Je suis né en 1973 le jour de la mort de Bruce Lee au lendemain de la sortie du "Grand Duel", au milieu des premières effluves sonores d'Aerosmith, Queen, Lynyrd Skynyrd..."toute la musique que j'aime" chantait Djouni à la maison.
1973, c'est aussi la fin du conflit vietnamien, une affreuse jérémiade de James Blunt, le choc pétrolier, le coup d'état de Pinochet, la mort de Picasso et John Ford, les naissances d' Eva Herzigova, Josh Homme, Draghixa, Guillaume Canet, Corey Taylor...ou Djee VanCleef, démoniaque fumeur de mots et de de phrases hallucinogènes qu'il roule et fait tourner sur les pages de SC. À ma connaissance, le Dude et ce mec sont les seuls à s'acharner autant sur le cadavre décharné d'un spliff long de quelques millimètres comme des intégristes de la "latte du cow-boy".
Mais babentiiiiire !!! Il est question de tout ça pour ma bafouille : 1973, les cow-boys et le véritable Van Cleef, celui au faciès de lynx, pas son prétendu descendant kabylifornien échappé de la porte de Montreuil !
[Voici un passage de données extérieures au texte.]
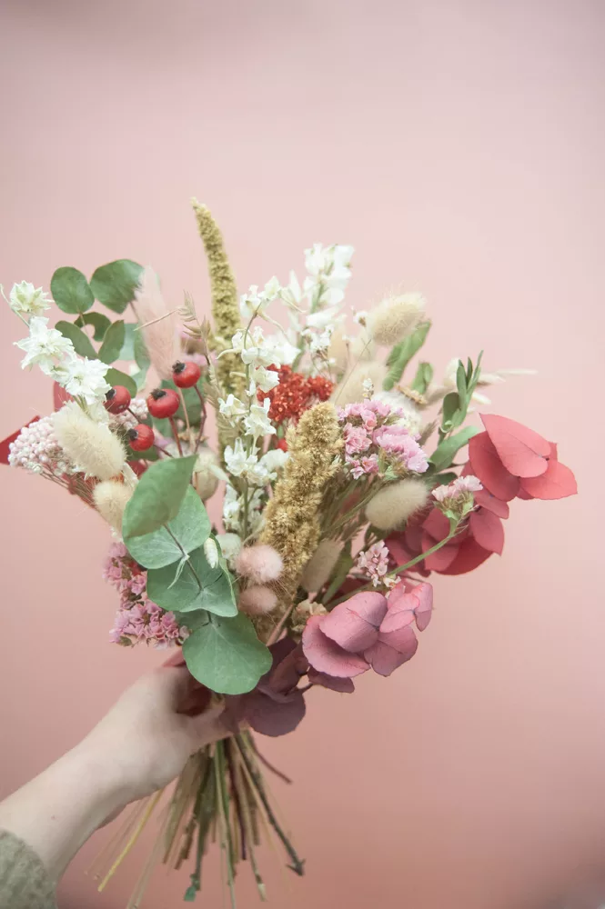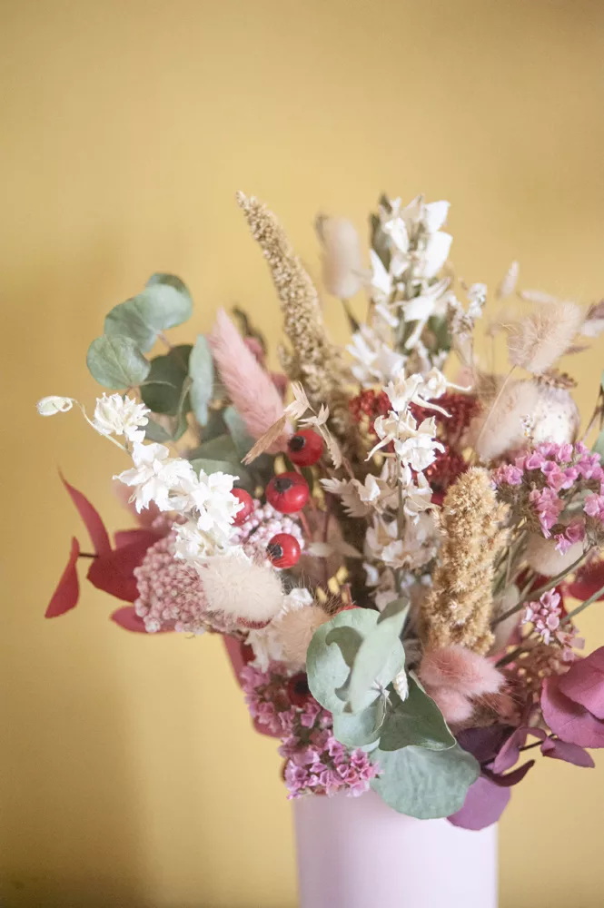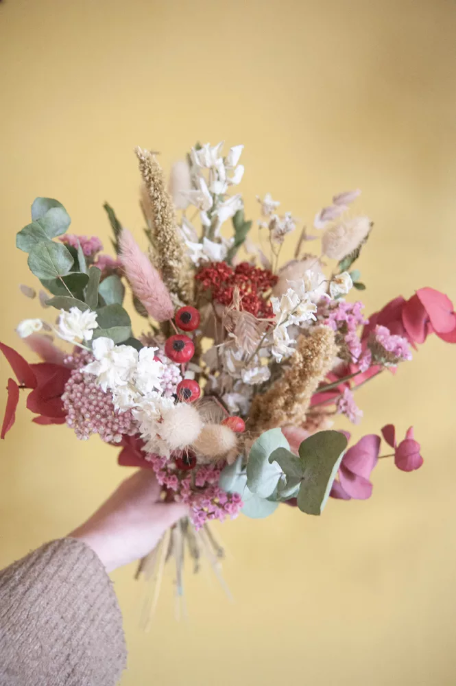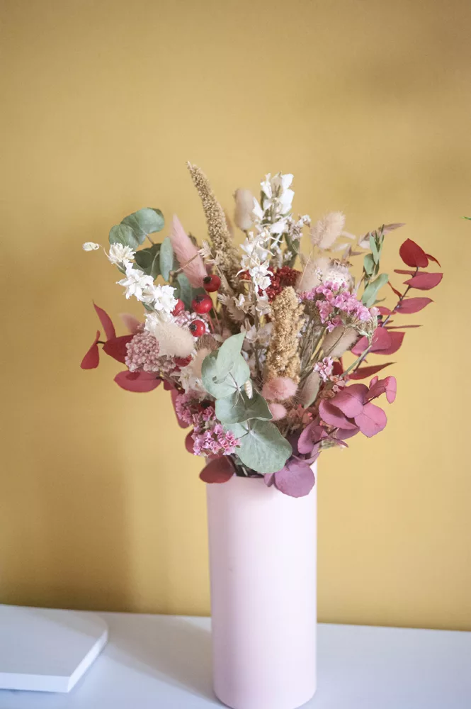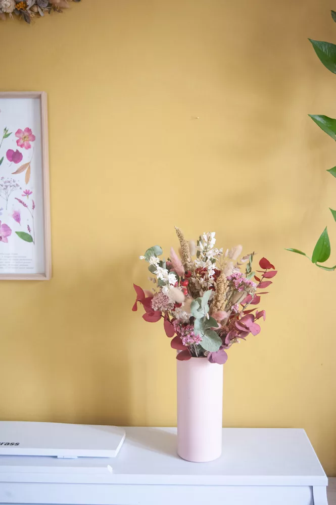 Les avantages des fleurs séchées : Un bouquet qui dure plusieurs mois, voire plusieurs années ! Fini les bouquets qui fanent au bout d’une semaine ! Vous investissez dans une décoration durable et responsable. En effet, entre 50 % et 80 % des fleurs proviennent de producteurs français, dans le respect du mouvement Slow Flower.

En cette période, les rois de la contrefaçon n'étaient pas encore chinois ou marocains ni même turcs mais italiens. Formé par le pape Leone, Giancarlo Santi rend une copie honorable émaillée d'inévitables tics de son mentor (gros plans sur les regards, suspension du temps, des gueules patibulaires dans tous les coins...).
Luis Bacalov se montre lui aussi tout aussi habile en bidouilleur de B.O. à la sauce Morriconne. Sa compo la plus réussie que n'aurait certainement pas renié le maestro est une complainte lancinante et dramatique, gorgée de nappes de violons accompagnant un harmonica que Tarantino intégrera plus tard à la playlist de "Kill Bill".
Côté ambiance, le cahier des charges du western est respecté tant pour les décors naturels italiens de l'Arizona que pour les fringues ou certains personnages récurrents du genre (les putes, les soûlards, les bourges, les chasseurs de primes, le croque-mort...).
Pour renforcer l'illusion, Lee Van Cleef plante son inégalable bobine sous le chapeau de Clayton, un shérif déchu, déterminé à innocenter le hipster Philip Werner, accusé à tort du meurtre de Jefferson, un puissant industriel et patriarche d'une portée de trois "figli di puttana" (Elie, David & Adam). Friands de violence et de terreur, la grappe de frangins a pour ambition de caler le fion de l'un d'entre eux sur le trône de la Maison-Blanche.
Même si l'histoire sent le réchauffé et contrairement à ce que suggère son titre, "Le Grand Duel" multiplie les fusillades et arrose la péloche d'un déluge de bastos et de sang pendant 95 minutes. La plus épatante des fusillades est celle qui introduit Werner exécutant des cabrioles pour feinter et abattre ses chasseurs comme un singe dans la peau de Belmondo échoué dans un épisode de "Bioman".
Bénéficiant d'un humour sarcastique, de dialogues scabreux et d'une galerie de vilains agréablement détestables (particulièrement Adam, la toutoune sanguinaire, à l'acné purulente, vêtue de blanc et d'un foulard qu'il agite pour éparpiller la fumée de la poudre qui l'incommode) font de ce western-spaghetti, comme souvent, un plat toujours plus gourmand que le western-ragout de papy.